What if they’re navigating something at home? What if they’re still recovering from a professional trauma you’ll never hear about? What if your “priority project” is, in their world, priority number five?

As leaders, we have to stop assuming that the work we assign is the center of someone’s universe. It isn’t. And it shouldn’t be. People have full, complicated lives. Kids who are scared. Parents who are aging. Health concerns. Emotional burdens. Quiet fears. The workplace is just one part of their reality, and if we want them to thrive in it, we have to lead with that awareness.

Being Psychologically Safe Isn’t Just a Buzzword

Leaders love to talk about motivation, ownership, and initiative.
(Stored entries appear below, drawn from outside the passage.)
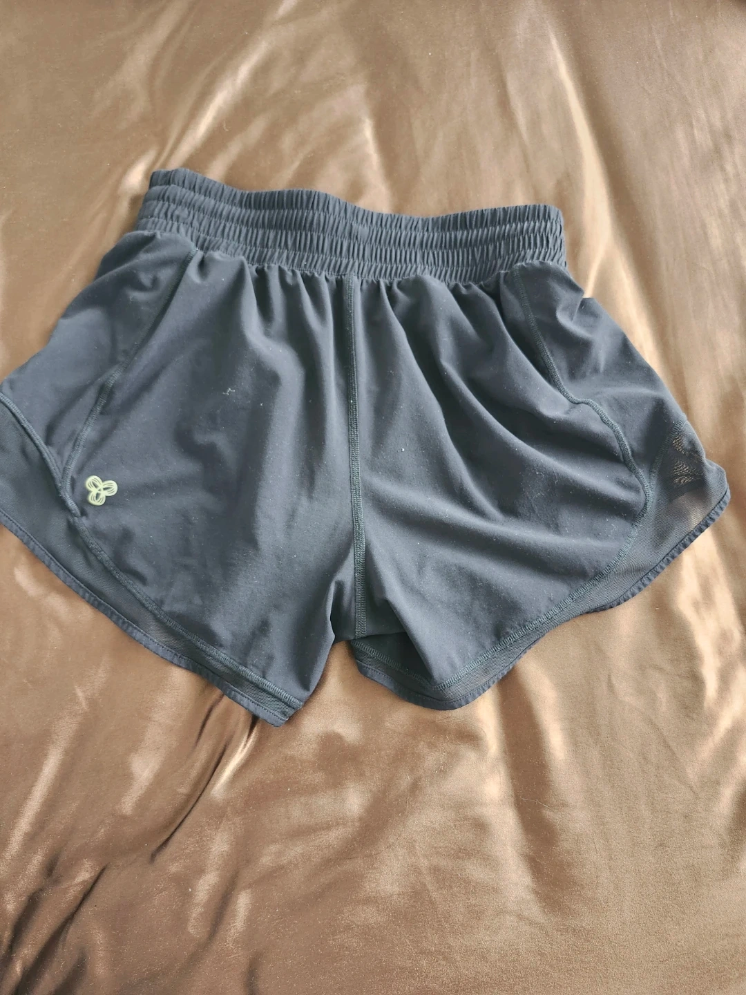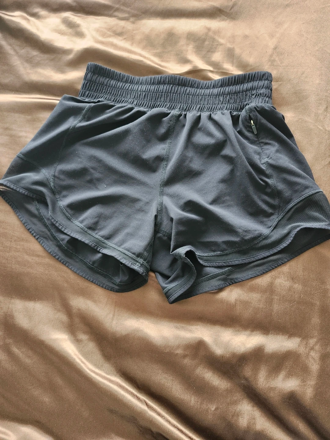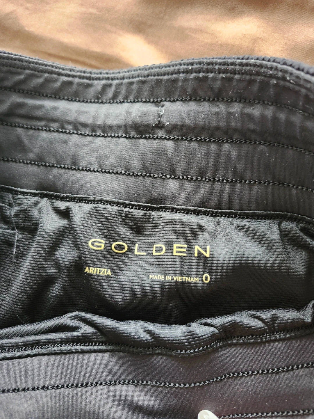 Black running shorts from Aritzia's Golden line. Size is 0. Made in Vietnam. Elastic waistband with a small zippered pocket on the right side.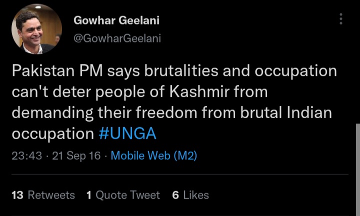 Another tweet made on 21 September 2016 reads, “Pakistan PM says brutalities and occupation can’t deter people of Kashmir from demanding their freedom from brutal Indian occupation #UNGA”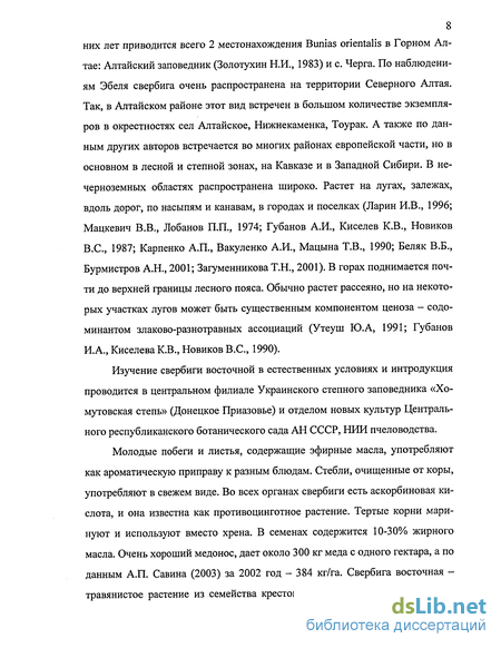Введение в культуру свербиги восточной обусловлено ее высокими кормовыми достоинствами, большим потенциалом продуктивности (35 т/га зеленой массы, 18-28 ц/га семян) и возможностью многолетнего использования, чем она выгодно отличается в хозяйственном отношении от других представителей семейства Brassicaceae. Она характеризуется засухоустойчивостью, зимо - и морозостойкостью, практически не повреждается вредителями и болезнями, неприхотлива к почвенным условиям, семена используются в технических целях для получения масла (Кшникаткина А.Н., 1996, 1998; Карпенко А.П., Вакулен-ко А.И., Мацына Т.В., 1990; Губанов И.А., Киселева К.В., Новиков В.С, 1987; Ларин И.В., 1969; Исмаилова Г.Г., 1993, 1994; Каира A.M., Головин В.П., Старченко Е.Г., Чернинов В.П., 1996; Вульф Е.В., Малеева О.Ф., 1969; Исмаилова Г.Г., 1993; Кшникаткина А.Н., Гущина В.А., Варламов В.А., 2003).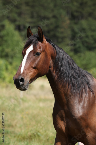 Amazing horse with nice mane on pasturage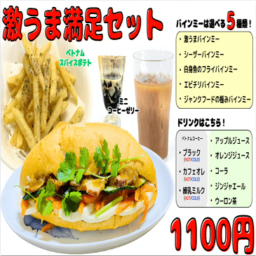バインミー + ベトナムスパイスポテト + ドリンク + ミニコーヒーゼリー

But the truth is: people don’t lean in when they don’t feel safe. And safety isn’t about comfort, it’s about trusting that you won’t be hurt for trying.

We can’t always see what’s holding someone back. Just like I couldn’t see what had changed in my son until I asked, listened, and made room for the conversation. At work, we often assume silence means agreement or disinterest. It might just mean fear.

As Leaders, We Set the Tone

We can’t undo every scary moment our team members have lived through. But we can:

  • Create spaces where people feel heard, not judged.
  • Normalize mistakes as part of growth.
  • Praise courage, not just success.
  • Ask why someone seems withdrawn before assuming they’re disengaged.

Because fear doesn’t age out. It just wears a different face.

The Dark Room Test

If you’re wondering whether fear is affecting your team, look for the “dark rooms” they’re avoiding. The projects no one volunteers for. The ideas that never get voiced. The feedback that doesn’t come. Then ask yourself: what video — what moment — might be playing in their heads?

Leading Through Fear with Empathy

My son is slowly reclaiming his confidence. With reassurance, light, and a little company, he’s started tiptoeing into those dark rooms again. As leaders, we have the chance to do the same for our people. Not by eliminating all fear, but by leading with empathy, remembering we don’t know the full story, and never assuming our agenda is their whole world.

Sometimes, the best thing we can give is not a solution, but our presence, our patience, and our willingness to understand.